Seit der Wiederaufnahme des Krieges in Gaza im März hat sich die Wasser-
und Sanitärkrise in beispielloser Weise verschärft: Im Herzen der vielen
Zeltlager, wo Tausende Familien leben, ist die Beschaffung von sauberem
Wasser oder die Suche nach einer benutzbaren Toilette zu einer täglichen
Herausforderung geworden.
Das Schwierigste für uns ist derzeit, sauberes Wasser zu finden –nicht nur
zum Trinken, sondern auch zum Baden, Geschirrspülen, Wäschewaschen und die
Waschung vor dem Gebet.
## Mit Eimern und Kanistern in der Schlange stehen
Jeden Morgen öffne ich meine Augen [2][in unserem Zelt], das uns weder vor
der sengenden Sonne des Tages noch vor der Kälte der Nacht schützt. Nachdem
wir unser Zuhause verloren haben, ist es alles, was uns geblieben ist.

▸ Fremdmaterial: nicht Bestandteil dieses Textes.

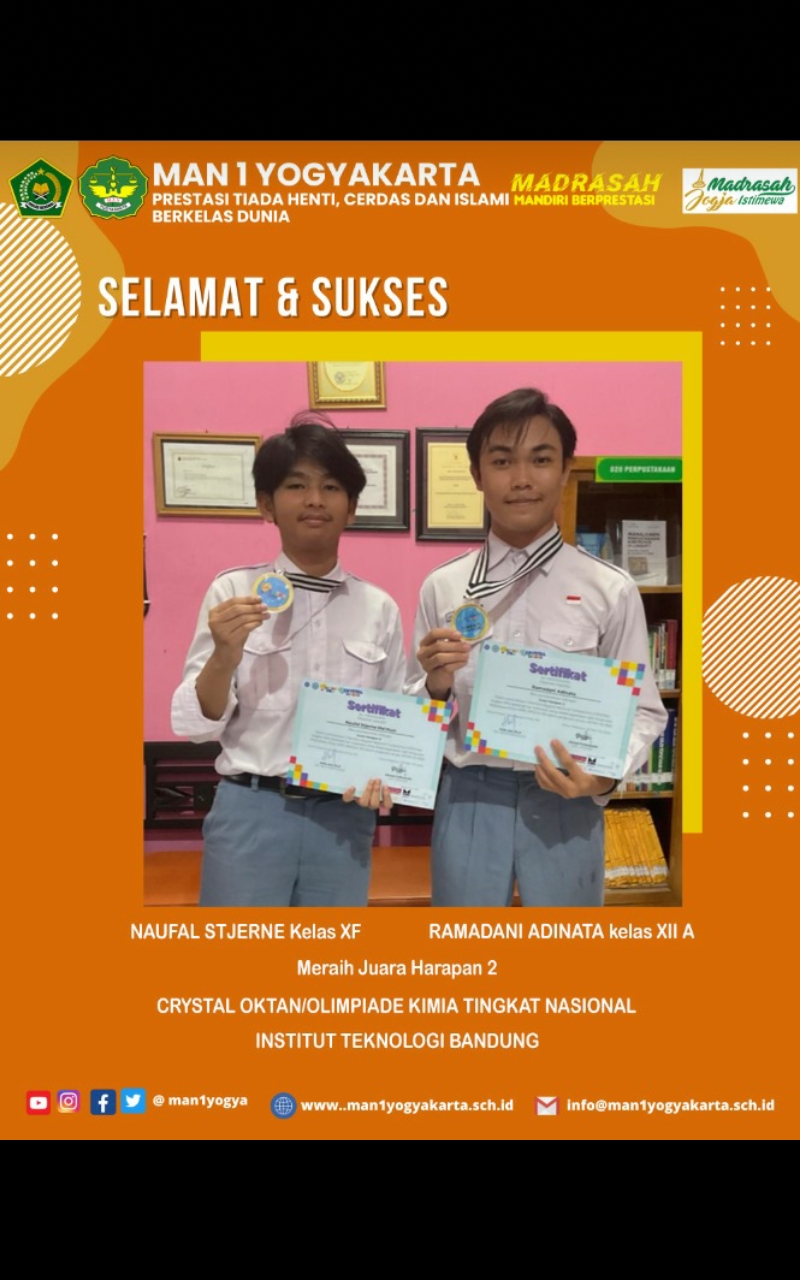 Yogyakarta (MAN 1 Yogya) – Dua Siswa MAN 1 Yogyakarta yaitu, Naufal Stjerne (10 F) dan Ramadani Adinata (12 A) meraih juara harapan 2 Crystal Oktan Olimpiade Kimia tingkat nasional tahun 2024 yang diselenggarakan oleh Institut Teknologi Bandung (ITB). Olimpiade ini diperuntukan kepada seluruh siswa SMA sederajat.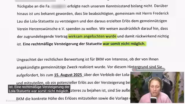 01:33:42Das Kulturministerium forderte später die Rückgabe der Statue und den Nachweis des Erlöses, obwohl die Versteigerung schon stattfand und der Streamer keinen Kaufvertrag mit dem Ministerium hat. Er kritisiert die späte Reaktion und erklärt, warum er die Anfragen ignoriert, da die Statue legal erworben und versteigert wurde.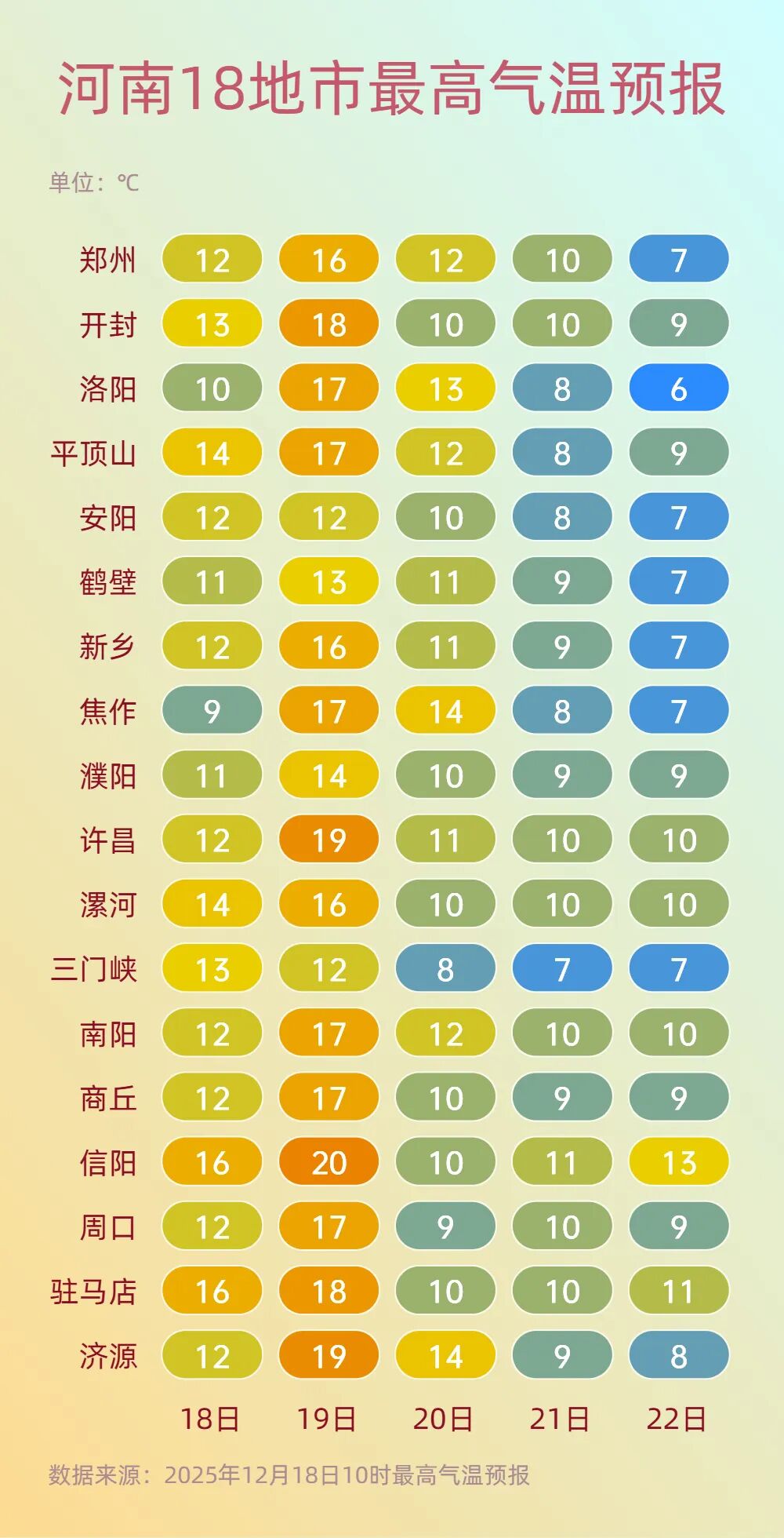 降溫:受降水和冷空氣的共同影響,預計20-21號全省氣溫明顯下降。比如鄭州,明天最高氣溫16℃,下周一逐漸降至7℃,累積降溫幅度均可達9℃;信陽則會從明天的20℃驟降至周六的10℃,一天的降溫幅度達10℃。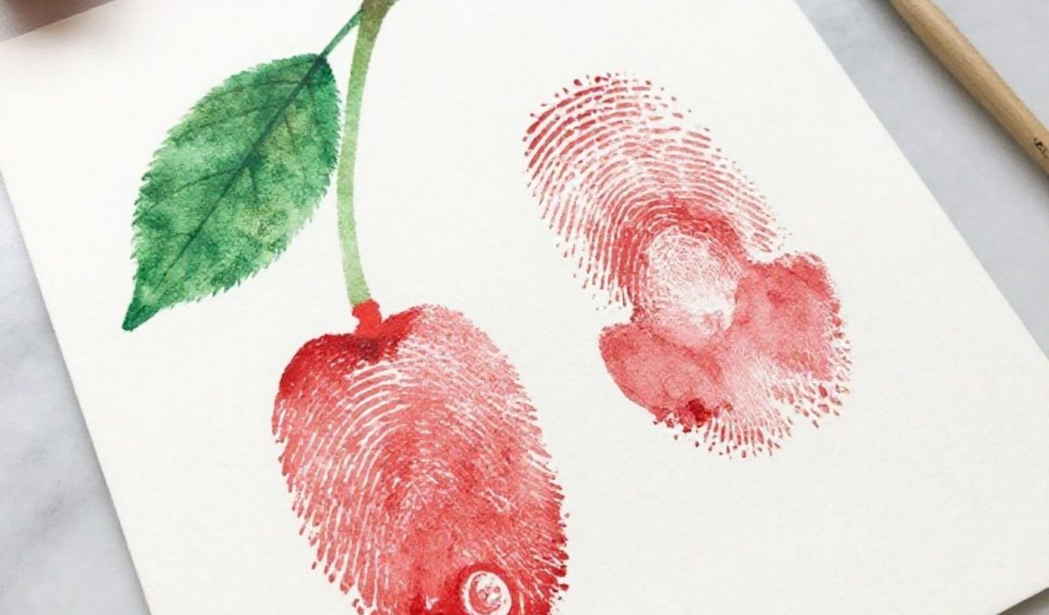 This is a cute picture of two bright red cherry fingerprints connected by a green stem and a leaf. Kids love pressing their fingers in paint and seeing fruit appear with just a few touches.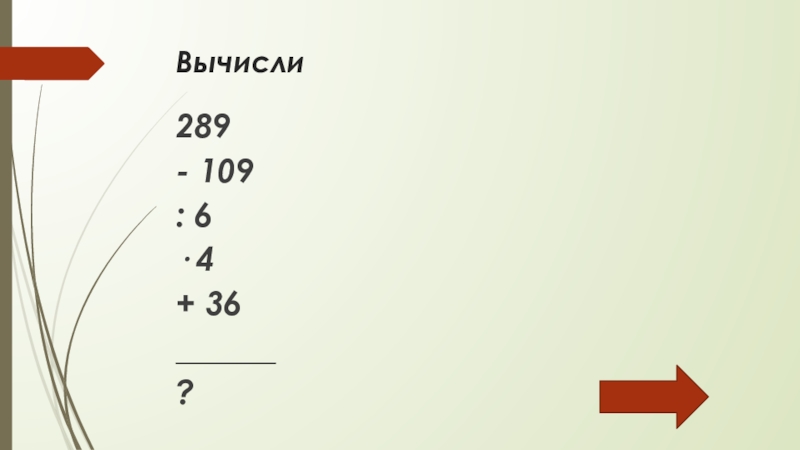 Вычисли 289- 109: 6· 4+ 36______?

Schon in den frühen Morgenstunden herrscht draußen Lärm und Geschrei:
Kinder und Frauen tragen leere Kanister, Männer warten auf die Lastwägen,
die Wasser verteilen. Die einzige Wasserquelle für die Lager sind diese
Lastwägen, die durch die Straßen fahren. Sobald wir den Motor eines
Lastwagens hören, beginnt das Geschrei: „Wasser! Wasser!“.

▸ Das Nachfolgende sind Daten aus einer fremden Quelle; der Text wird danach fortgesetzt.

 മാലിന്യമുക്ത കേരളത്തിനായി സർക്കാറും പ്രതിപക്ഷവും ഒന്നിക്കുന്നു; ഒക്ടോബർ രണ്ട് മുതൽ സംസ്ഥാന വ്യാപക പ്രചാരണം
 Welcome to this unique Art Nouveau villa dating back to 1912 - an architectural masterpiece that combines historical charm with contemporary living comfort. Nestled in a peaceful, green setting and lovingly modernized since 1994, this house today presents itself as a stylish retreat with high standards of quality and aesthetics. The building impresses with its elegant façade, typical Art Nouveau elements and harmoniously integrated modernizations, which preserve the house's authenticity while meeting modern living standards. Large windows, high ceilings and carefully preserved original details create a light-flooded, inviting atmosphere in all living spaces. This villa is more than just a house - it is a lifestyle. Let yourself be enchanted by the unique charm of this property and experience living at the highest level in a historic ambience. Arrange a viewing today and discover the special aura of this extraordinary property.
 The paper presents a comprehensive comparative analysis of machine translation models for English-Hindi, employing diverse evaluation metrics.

Alle rennen los, suchen nach Eimern und leeren Kanistern, sammeln sie ein
und beeilen sich, einen Platz in der Schlange vor dem Schlauch des
Lastwagens zu ergattern. Menschen kommen von überall her angerannt,
streiten und drängeln, um Wasser zu bekommen.
Jede Familie bildet kleine Gruppen, um den Vorgang zu beschleunigen: Einige
tragen die gefüllten Behälter und reichen sie an andere weiter, die sie
leeren und sich dann wieder in die Schlange stellen.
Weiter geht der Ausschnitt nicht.